(RAW DATA begins)

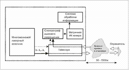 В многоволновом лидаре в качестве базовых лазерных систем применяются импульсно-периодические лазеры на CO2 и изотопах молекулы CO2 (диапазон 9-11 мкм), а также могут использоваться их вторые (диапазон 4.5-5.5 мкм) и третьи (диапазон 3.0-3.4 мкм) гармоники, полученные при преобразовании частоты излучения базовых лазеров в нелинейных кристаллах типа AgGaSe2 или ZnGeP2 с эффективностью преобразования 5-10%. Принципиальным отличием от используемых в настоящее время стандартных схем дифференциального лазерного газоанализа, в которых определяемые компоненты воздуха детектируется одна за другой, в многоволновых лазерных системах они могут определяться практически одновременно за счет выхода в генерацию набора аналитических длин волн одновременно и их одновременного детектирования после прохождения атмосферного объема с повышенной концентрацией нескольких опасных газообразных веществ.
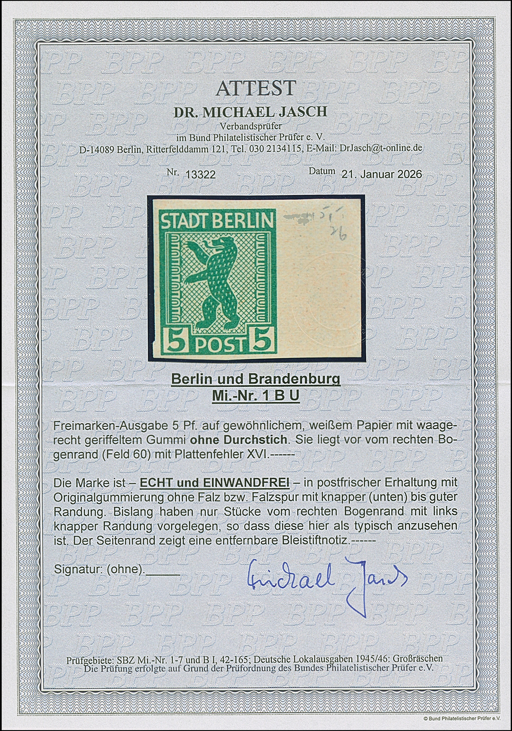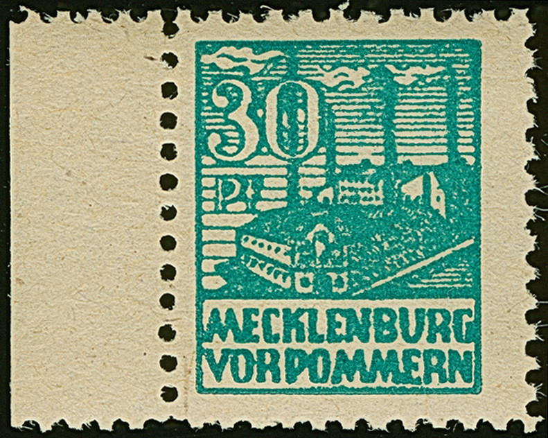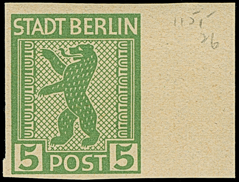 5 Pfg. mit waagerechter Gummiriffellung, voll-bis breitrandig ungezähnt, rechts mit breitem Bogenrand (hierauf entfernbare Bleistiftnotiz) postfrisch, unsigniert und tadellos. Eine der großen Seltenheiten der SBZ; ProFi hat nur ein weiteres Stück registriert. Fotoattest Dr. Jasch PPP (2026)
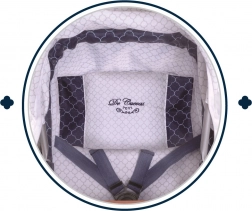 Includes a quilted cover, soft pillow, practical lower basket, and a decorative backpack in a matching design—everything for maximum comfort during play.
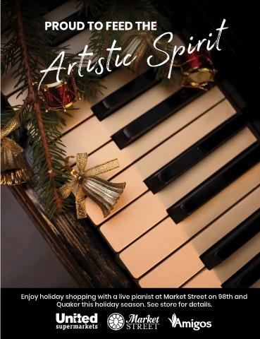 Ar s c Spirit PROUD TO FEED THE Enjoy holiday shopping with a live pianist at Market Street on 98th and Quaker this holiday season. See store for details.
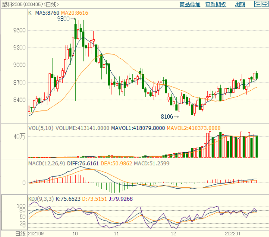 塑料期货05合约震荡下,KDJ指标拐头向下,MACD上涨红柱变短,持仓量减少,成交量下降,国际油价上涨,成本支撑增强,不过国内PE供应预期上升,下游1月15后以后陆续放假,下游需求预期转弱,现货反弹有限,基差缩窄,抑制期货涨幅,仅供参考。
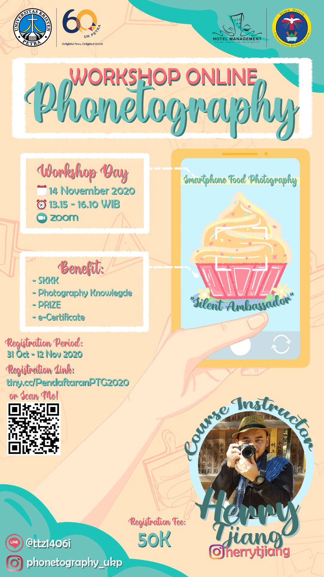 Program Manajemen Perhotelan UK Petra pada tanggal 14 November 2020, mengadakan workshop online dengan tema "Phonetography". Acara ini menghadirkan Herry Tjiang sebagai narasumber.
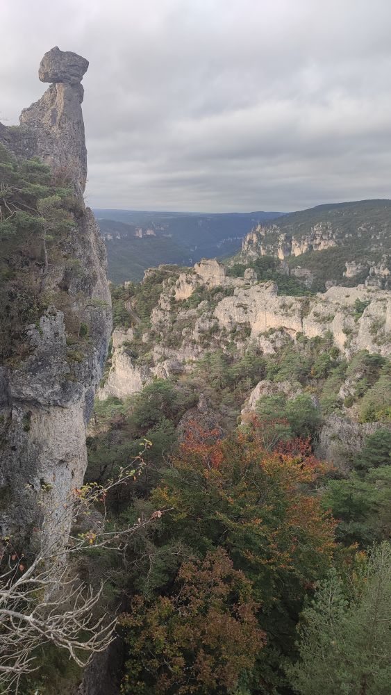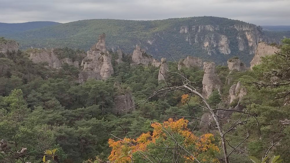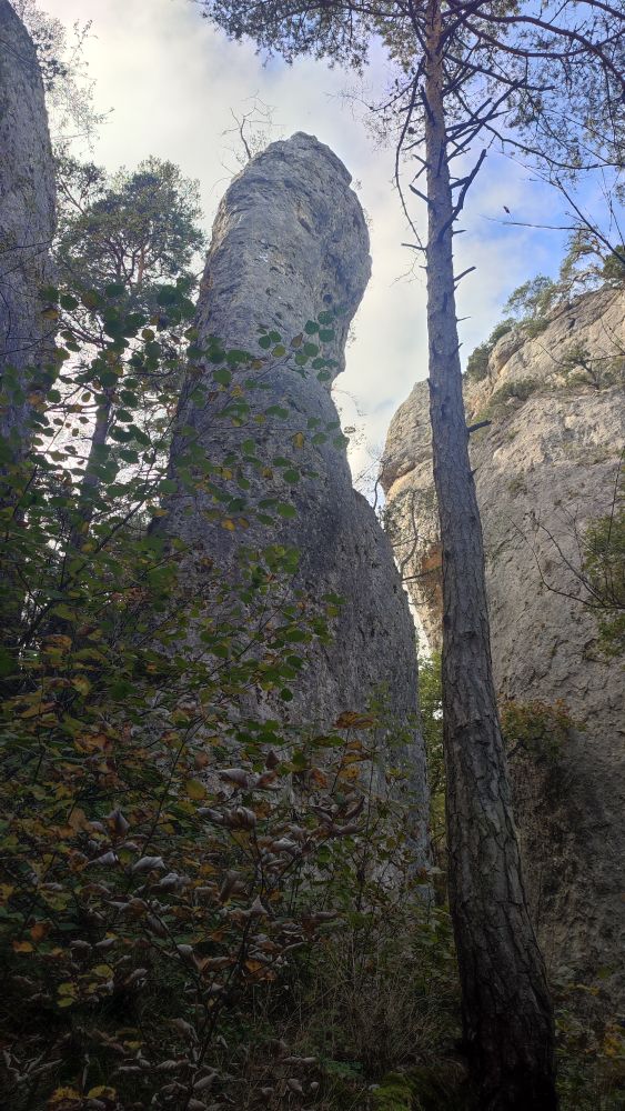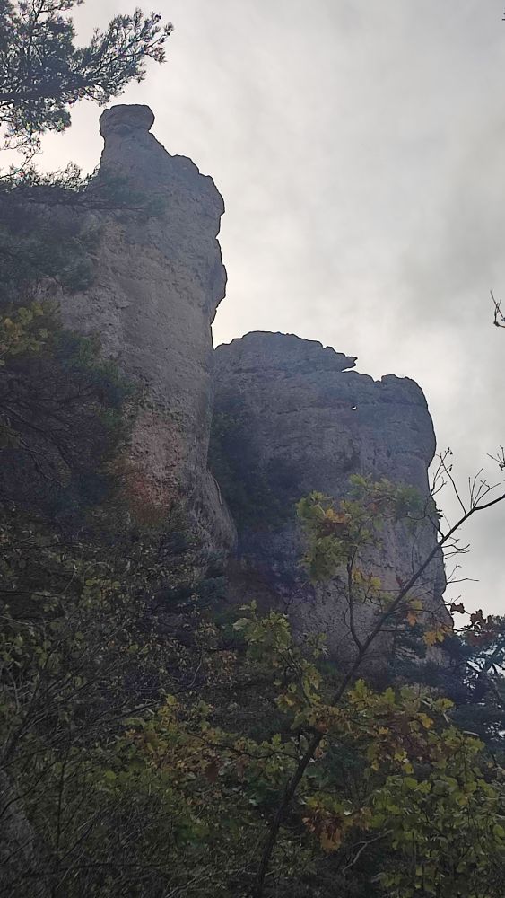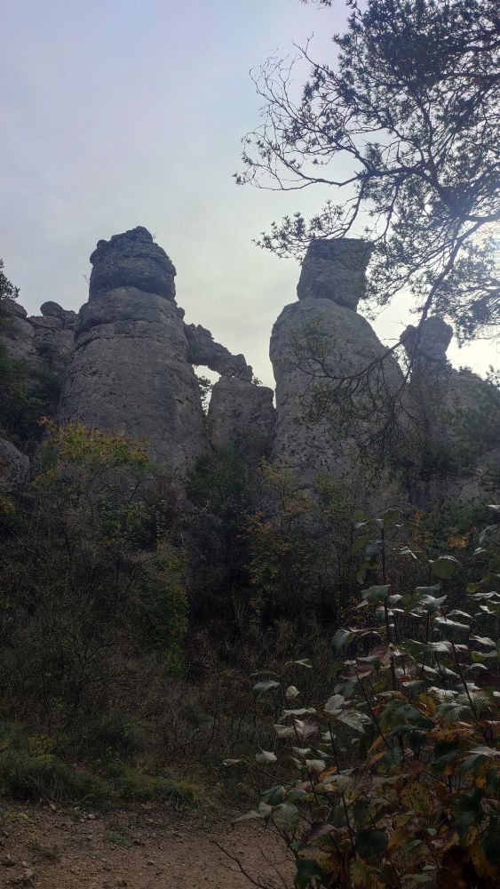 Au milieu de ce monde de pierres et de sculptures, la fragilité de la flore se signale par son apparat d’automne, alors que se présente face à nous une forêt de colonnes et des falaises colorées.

(RAW DATA ends)

## PROBLEM STATEMENT
Only the text of the entries belongs in the answer, copied exactly; the pictures stay out.

## SOLVED EXERCISE
 В многоволновом лидаре в качестве базовых лазерных систем применяются импульсно-периодические лазеры на CO2 и изотопах молекулы CO2 (диапазон 9-11 мкм), а также могут использоваться их вторые (диапазон 4.5-5.5 мкм) и третьи (диапазон 3.0-3.4 мкм) гармоники, полученные при преобразовании частоты излучения базовых лазеров в нелинейных кристаллах типа AgGaSe2 или ZnGeP2 с эффективностью преобразования 5-10%. Принципиальным отличием от используемых в настоящее время стандартных схем дифференциального лазерного газоанализа, в которых определяемые компоненты воздуха детектируется одна за другой, в многоволновых лазерных системах они могут определяться практически одновременно за счет выхода в генерацию набора аналитических длин волн одновременно и их одновременного детектирования после прохождения атмосферного объема с повышенной концентрацией нескольких опасных газообразных веществ.
 5 Pfg. mit waagerechter Gummiriffellung, voll-bis breitrandig ungezähnt, rechts mit breitem Bogenrand (hierauf entfernbare Bleistiftnotiz) postfrisch, unsigniert und tadellos. Eine der großen Seltenheiten der SBZ; ProFi hat nur ein weiteres Stück registriert. Fotoattest Dr. Jasch PPP (2026)
 Includes a quilted cover, soft pillow, practical lower basket, and a decorative backpack in a matching design—everything for maximum comfort during play.
 Ar s c Spirit PROUD TO FEED THE Enjoy holiday shopping with a live pianist at Market Street on 98th and Quaker this holiday season. See store for details.
 塑料期货05合约震荡下,KDJ指标拐头向下,MACD上涨红柱变短,持仓量减少,成交量下降,国际油价上涨,成本支撑增强,不过国内PE供应预期上升,下游1月15后以后陆续放假,下游需求预期转弱,现货反弹有限,基差缩窄,抑制期货涨幅,仅供参考。
 Program Manajemen Perhotelan UK Petra pada tanggal 14 November 2020, mengadakan workshop online dengan tema "Phonetography". Acara ini menghadirkan Herry Tjiang sebagai narasumber.
 Au milieu de ce monde de pierres et de sculptures, la fragilité de la flore se signale par son apparat d’automne, alors que se présente face à nous une forêt de colonnes et des falaises colorées.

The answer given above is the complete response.